*** Opening Source material ***
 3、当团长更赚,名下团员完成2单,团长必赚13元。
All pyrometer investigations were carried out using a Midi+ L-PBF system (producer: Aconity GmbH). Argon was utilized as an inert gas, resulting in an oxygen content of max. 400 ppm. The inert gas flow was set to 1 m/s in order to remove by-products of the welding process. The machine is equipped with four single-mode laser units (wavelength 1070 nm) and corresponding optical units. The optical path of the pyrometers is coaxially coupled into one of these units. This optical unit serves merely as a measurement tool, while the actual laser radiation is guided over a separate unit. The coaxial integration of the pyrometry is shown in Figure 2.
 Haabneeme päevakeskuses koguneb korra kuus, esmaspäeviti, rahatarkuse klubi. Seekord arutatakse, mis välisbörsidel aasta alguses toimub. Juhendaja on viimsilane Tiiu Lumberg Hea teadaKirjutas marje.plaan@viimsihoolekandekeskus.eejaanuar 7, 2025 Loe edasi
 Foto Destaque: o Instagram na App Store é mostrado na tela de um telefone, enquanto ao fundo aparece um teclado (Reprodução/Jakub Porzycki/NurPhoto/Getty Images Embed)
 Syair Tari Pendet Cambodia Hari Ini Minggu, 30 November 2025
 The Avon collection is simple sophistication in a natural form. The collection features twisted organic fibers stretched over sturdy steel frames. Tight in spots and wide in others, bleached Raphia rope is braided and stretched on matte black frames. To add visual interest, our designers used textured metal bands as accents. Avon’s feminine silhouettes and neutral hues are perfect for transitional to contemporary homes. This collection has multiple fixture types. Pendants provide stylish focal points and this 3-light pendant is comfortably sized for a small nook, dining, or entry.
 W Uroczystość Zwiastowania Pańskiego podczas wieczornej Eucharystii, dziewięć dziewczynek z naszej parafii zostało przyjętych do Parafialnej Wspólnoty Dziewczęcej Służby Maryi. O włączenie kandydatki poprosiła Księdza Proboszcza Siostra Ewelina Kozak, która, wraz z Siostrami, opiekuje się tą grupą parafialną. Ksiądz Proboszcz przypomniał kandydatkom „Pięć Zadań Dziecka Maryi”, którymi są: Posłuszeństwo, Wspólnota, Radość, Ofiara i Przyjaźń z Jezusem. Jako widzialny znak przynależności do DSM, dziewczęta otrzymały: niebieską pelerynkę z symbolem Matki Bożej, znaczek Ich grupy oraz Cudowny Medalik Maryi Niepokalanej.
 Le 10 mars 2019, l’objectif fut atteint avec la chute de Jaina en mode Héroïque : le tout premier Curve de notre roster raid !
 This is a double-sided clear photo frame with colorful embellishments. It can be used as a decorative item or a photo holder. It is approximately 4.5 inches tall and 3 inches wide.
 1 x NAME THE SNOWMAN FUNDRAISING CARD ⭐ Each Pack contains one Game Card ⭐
*** Closing Source material ***
§ Exercise description
The answer should contain every line of the data, unchanged.

§ Answer area
 3、当团长更赚,名下团员完成2单,团长必赚13元。
All pyrometer investigations were carried out using a Midi+ L-PBF system (producer: Aconity GmbH). Argon was utilized as an inert gas, resulting in an oxygen content of max. 400 ppm. The inert gas flow was set to 1 m/s in order to remove by-products of the welding process. The machine is equipped with four single-mode laser units (wavelength 1070 nm) and corresponding optical units. The optical path of the pyrometers is coaxially coupled into one of these units. This optical unit serves merely as a measurement tool, while the actual laser radiation is guided over a separate unit. The coaxial integration of the pyrometry is shown in Figure 2.
 Haabneeme päevakeskuses koguneb korra kuus, esmaspäeviti, rahatarkuse klubi. Seekord arutatakse, mis välisbörsidel aasta alguses toimub. Juhendaja on viimsilane Tiiu Lumberg Hea teadaKirjutas marje.plaan@viimsihoolekandekeskus.eejaanuar 7, 2025 Loe edasi
 Foto Destaque: o Instagram na App Store é mostrado na tela de um telefone, enquanto ao fundo aparece um teclado (Reprodução/Jakub Porzycki/NurPhoto/Getty Images Embed)
 Syair Tari Pendet Cambodia Hari Ini Minggu, 30 November 2025
 The Avon collection is simple sophistication in a natural form. The collection features twisted organic fibers stretched over sturdy steel frames. Tight in spots and wide in others, bleached Raphia rope is braided and stretched on matte black frames. To add visual interest, our designers used textured metal bands as accents. Avon’s feminine silhouettes and neutral hues are perfect for transitional to contemporary homes. This collection has multiple fixture types. Pendants provide stylish focal points and this 3-light pendant is comfortably sized for a small nook, dining, or entry.
 W Uroczystość Zwiastowania Pańskiego podczas wieczornej Eucharystii, dziewięć dziewczynek z naszej parafii zostało przyjętych do Parafialnej Wspólnoty Dziewczęcej Służby Maryi. O włączenie kandydatki poprosiła Księdza Proboszcza Siostra Ewelina Kozak, która, wraz z Siostrami, opiekuje się tą grupą parafialną. Ksiądz Proboszcz przypomniał kandydatkom „Pięć Zadań Dziecka Maryi”, którymi są: Posłuszeństwo, Wspólnota, Radość, Ofiara i Przyjaźń z Jezusem. Jako widzialny znak przynależności do DSM, dziewczęta otrzymały: niebieską pelerynkę z symbolem Matki Bożej, znaczek Ich grupy oraz Cudowny Medalik Maryi Niepokalanej.
 Le 10 mars 2019, l’objectif fut atteint avec la chute de Jaina en mode Héroïque : le tout premier Curve de notre roster raid !
 This is a double-sided clear photo frame with colorful embellishments. It can be used as a decorative item or a photo holder. It is approximately 4.5 inches tall and 3 inches wide.
 1 x NAME THE SNOWMAN FUNDRAISING CARD ⭐ Each Pack contains one Game Card ⭐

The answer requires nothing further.